Le rectangle de Baji Koen a d’abord accueilli Explosion W, alezan auquel on n’a jamais su trouver de défaut et qui a fait l’objet fin 2019 de l’une des plus grosses transactions de l’histoire du jumping, à la faveur de son rachat par Charlotte Rossetter et Pamela Wright à la famille Moffitt. Ben Maher, qui avait un peu craqué en finale des championnats d’Europe Longines de Rotterdam il y a deux ans, non sans repartir avec la médaille d’argent, comme en 2013 à Herning avec la grande Cella, a cette fois produit un parcours limpide, suivant un train et un tracé irréprochables. Cette fois, la messe était dite. Quant au Suédois Henrik von Eckermann, très facile au premier tour, il n’a pas trouvé toutes les meilleures distances avec King Edward, finissant quatrième. Enfin, Maikel van der Vleuten, qu’on n’imaginait pas forcément aussi fort avec Beauville, a joué crânement sa chance, et il en a été récompensé en arrachant une médaille de bronze presque inespérée sur le papier et salvatrice pour l’équitation néerlandaise, qui semblait partie pour rentrer bredouille du Japon.

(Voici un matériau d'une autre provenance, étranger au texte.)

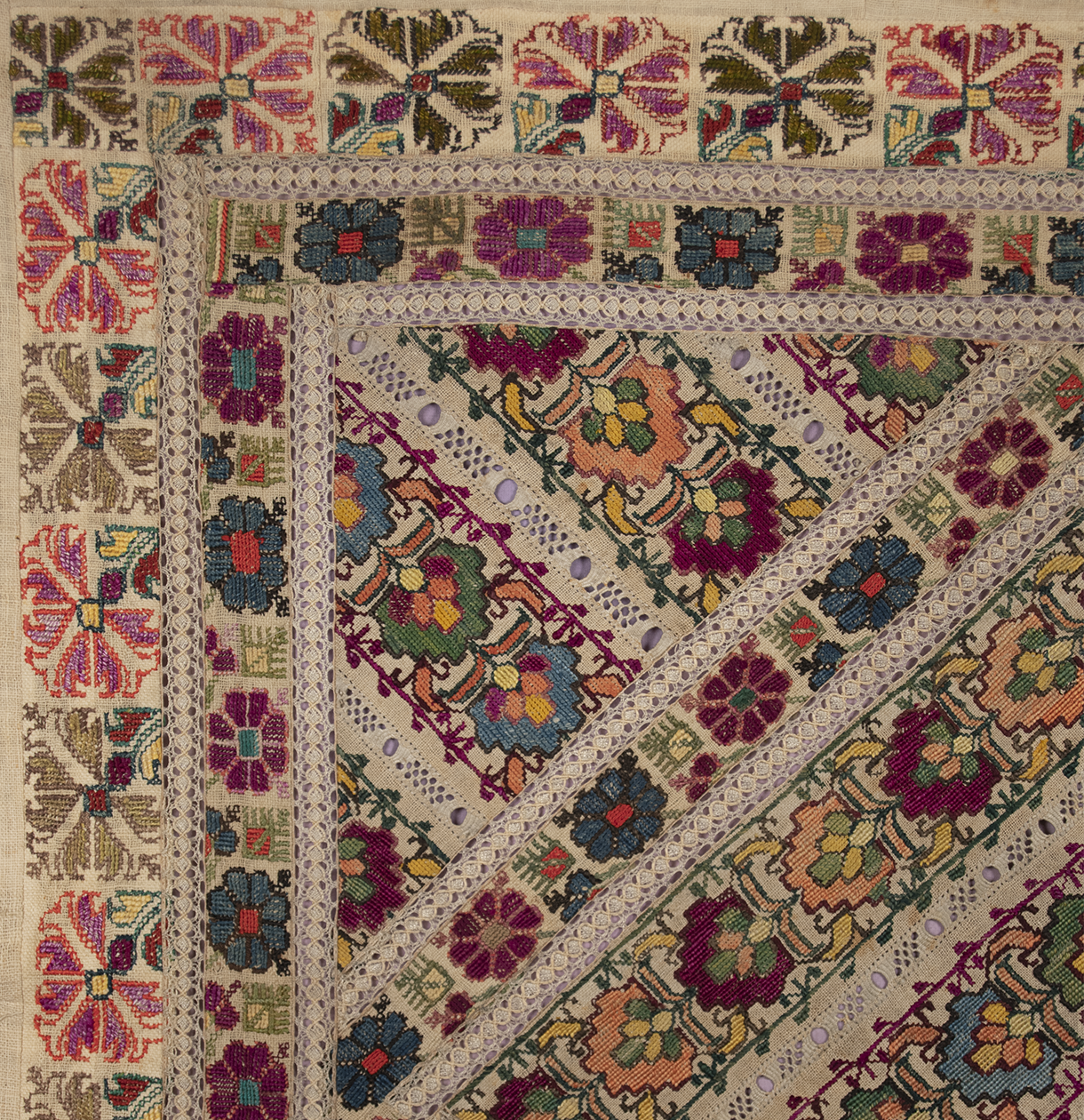 Greek Islands composite panels were created by using fragments of old embroideries to create new patterns. As Greek and ottoman embroideries often have large bare areas, those parts often deteriorated while the embroidered pieces remained intact, so the composites recycled the embroidered parts in a new imaginative way.
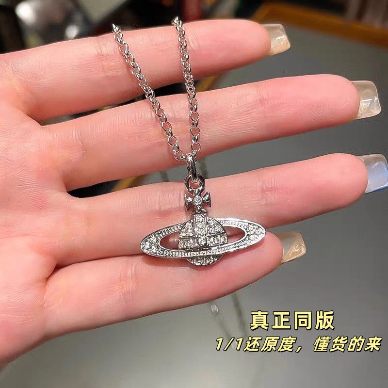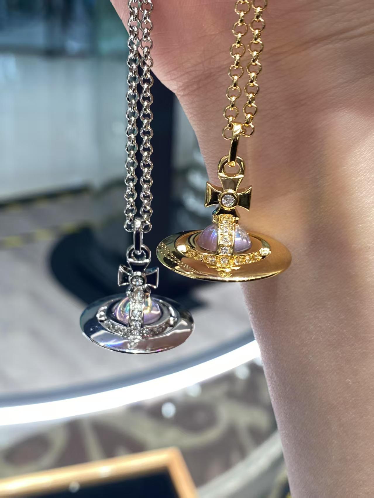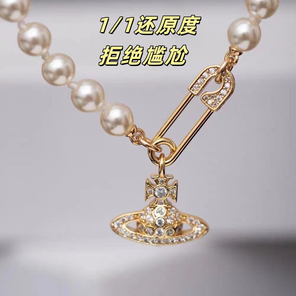 【厂家直销】西太后高版别针珍珠项链不掉色土星吊坠厂家直发批发
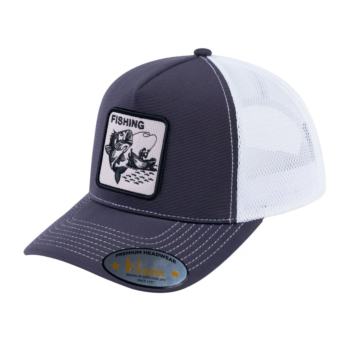 V2 Embroidered The Fishing - 5 Panel Trucker Hat - Dark Grey/White

Dans ce sport si indécis, rares sont les favoris concrétisant pleinement les espoirs placés en eux, qui plus est aux Jeux olympiques, rendez-vous ô combien singulier. “Je ne sais pas si Explosion deviendra aussi légendaire qu’Hickstead ou Casall, mais peu de chevaux sont capables d’accomplir ce qu’il a réalisé en même pas deux ans”, avait déclaré Ben Maher au printemps 2020. “Il est déjà en bonne voie pour marquer l’histoire. Il lui faudrait une médaille d’or pour compléter son palmarès, ce qui est sans aucun doute dans ses cordes”, avait-il ajouté. C’est désormais chose faite. Dans ce sport de dévouement, de passion et de patience, plus rares encore sont les couples à rééditer une performance olympique. Depuis l’Italien Tommaso Lequio di Assaba et Trebecco, médaillés d’or en 1920 à Anvers puis d’argent en 1924 à Paris, aucune paire n’était parvenue à se hisser deux fois sur le podium individuel. Aussi, la seconde médaille d’argent remportée par le cavalier d’acier et son génial petit cheval wallon doit-elle susciter l’admiration de tous.
Ainsi s’achève le premier acte du saut d’obstacles. Rendez-vous demain pour la seconde visite vétérinaire, puis vendredi pour la qualificative par équipes.